= Eva Gräfin Finck von Finckenstein =

German politician (1903–1994)

Eva Gräfin Finck von Finckenstein (née Schubring; 3 December 1903, in Berlin - 13 March 1994) was a German politician, representative of the German Christian Democratic Union.

Eva Schubring was born in Berlin to the art historian Professor Schubring. She visited school in Berlin and studied national economics at the University of Berlin. In 1928-33 she was the managing editor for foreign affairs of the Vossische Zeitung in Berlin. After the Nazis took over power in Germany she retreated from politics.

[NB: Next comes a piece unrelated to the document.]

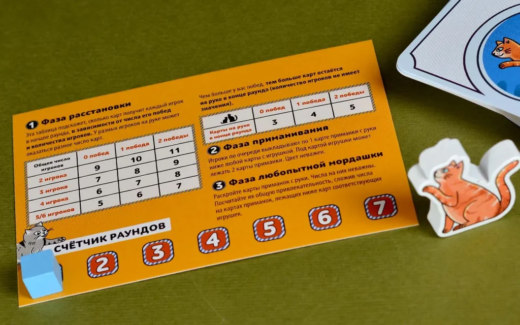 Раунд делится на три понятные фазы. В фазе расстановки определяется цель: положение кота на шкале интереса и количество карт приманок, которое получит каждый игрок в этом раунде. Здесь уже чувствуется накопительный эффект: успехи в прошлых раундах влияют на стартовые возможности, поэтому лидеру будет чуть сложнее, а отстающим – проще вернуться в игру.​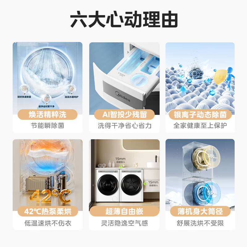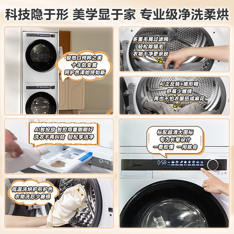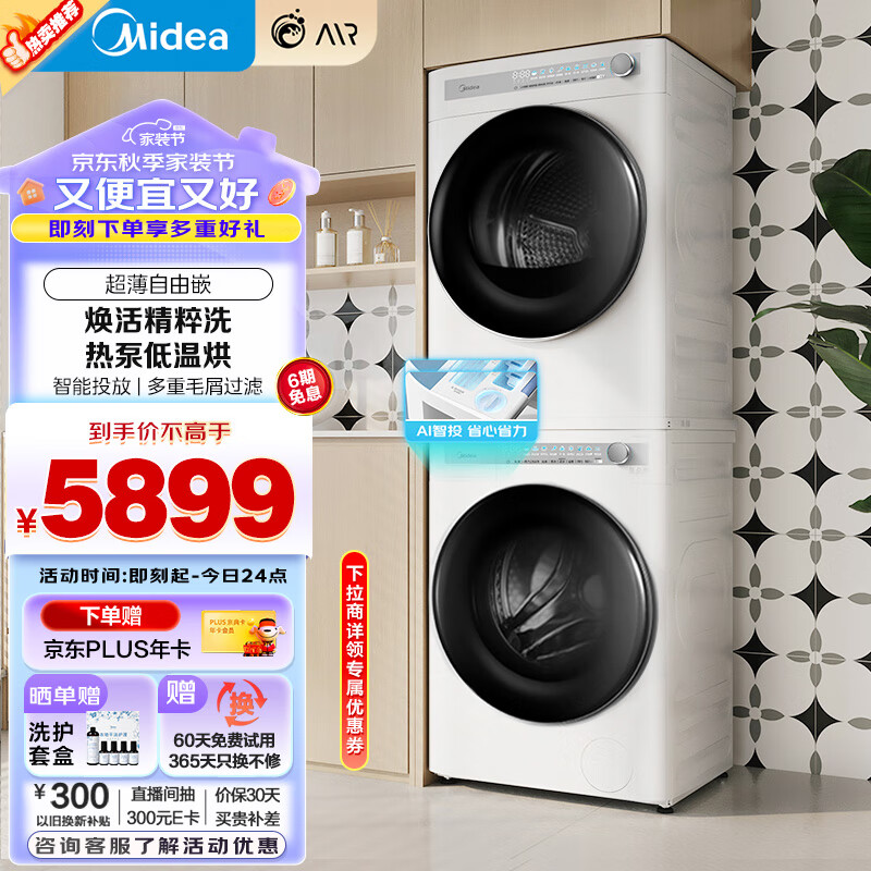 美的(Midea)洗烘套装 10公斤滚筒洗衣机全自动+热泵烘干机 智能投放 超薄机身 1.1洗净比MG100AIR1PLUS+AIR1价格:5899.00元!

She was first married to screenwriter Ayi Tendulkar and after her divorce she married Gottfried Graf Finck von Finckenstein in 1934, with whom she had five children. After her marriage she lived in Terpen in East Prussia. At the end of World War II she fled to Schleswig-Holstein, where she published a journal "Die Hausfrau" (The housewife) in 1949/50. In 1950 she joined the League of Expellees and Deprived of Rights (BHE) and became the personal assistant of BHE Chairman Waldemar Kraft and the party's press referent. In 1953 she was elected a member of the German Bundestag.

In 1954 she was not reelected into the BHE board, which led to the resignation of Waldemar Kraft as BHE Chairman. In 1956 Kraft, Finckenstein and Theodor Oberländer joined the CDU Fraction, which led to the decline of influence of the BHE in German politics.

Finck von Finckenstein was not again elected to the Bundestag and retreated from politics.